Your questions about AI CCTV answered

The following is a short guide to AI CCTV systems, providing specific ‘how to’ details around specific artificial intelligence features - like how AI cameras can identify between humans and animals, and how ‘Smart Search’ works.

 

How to set up Virtual ‘Tripwires'

Virtual Tripwires allow you to detect movement via your CCTV system. Tripwires can be set up to detect specific direction of movement (e.g. A to B, or B to A) and also set to detect specific object types (e.g. human or vehicle).

How to set up Object missing detection

Object missing detection in CCTV allows you to detect whether an object has been moved or not, by drawing boxes around the specific object.

A minimum ‘missing’ time of 6 seconds or more needs to be set to minimise false alarms (e.g. the case where another object appears in front of the object), so objects cannot ‘immediately’ be detected as missing.

Objects also need to be of a significant enough size, and differentiated colour from the surrounding area to accurately detect the movement of the object.

How Smart Search works

Smart Search allows you to quickly and easily search for specific ‘events’ from your CCTV (e.g. a tripwire being activated) over a specific period of time. Smart Search means that you don’t need to watch hours of footage to see, for example, what happened at your property over a weekend.

Full Colour night vision explained

Full colour night vision means that the picture shown on your CCTV in low-light conditions is ‘full colour’ rather than ‘black and white’ (the norm for most CCTV cameras).

CCTV cameras with 'Full Colour Night Vision’ achieve this via a mix of clever colour-balancing algorithms and a bright LED illuminator. The Illuminator provides a level of light for the camera to operate in, and the algorithms help enhance the scene - providing a full colour image.
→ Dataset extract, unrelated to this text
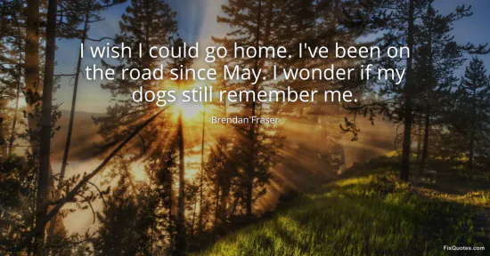 Fraser, Brendan. "I wish I could go home. I've been on the road since May. I wonder if my dogs still remember me." FixQuotes. January 17, 2026. https://fixquotes.com/quotes/i-wish-i-could-go-home-ive-been-on-the-road-since-48376/.

Full colour night vision is useful for helping enhance the performance of ‘detection algorithms’ - giving a higher detection accuracy.

Humans vs Animals algorithm (false alarm minimisation)

One of the biggest historic issues with external detection is the high level of false-alarms linked to animals and weather (e.g. high winds).

Using the latest technologies, high-quality AI algorithms can learn the difference between a human and animal (i.e. the shape and the way they move), minimising false-alarms. These same AI algorithms can also tell the difference between vehicles and humans - meaning you can, for example, set-up the system to only detect car movement.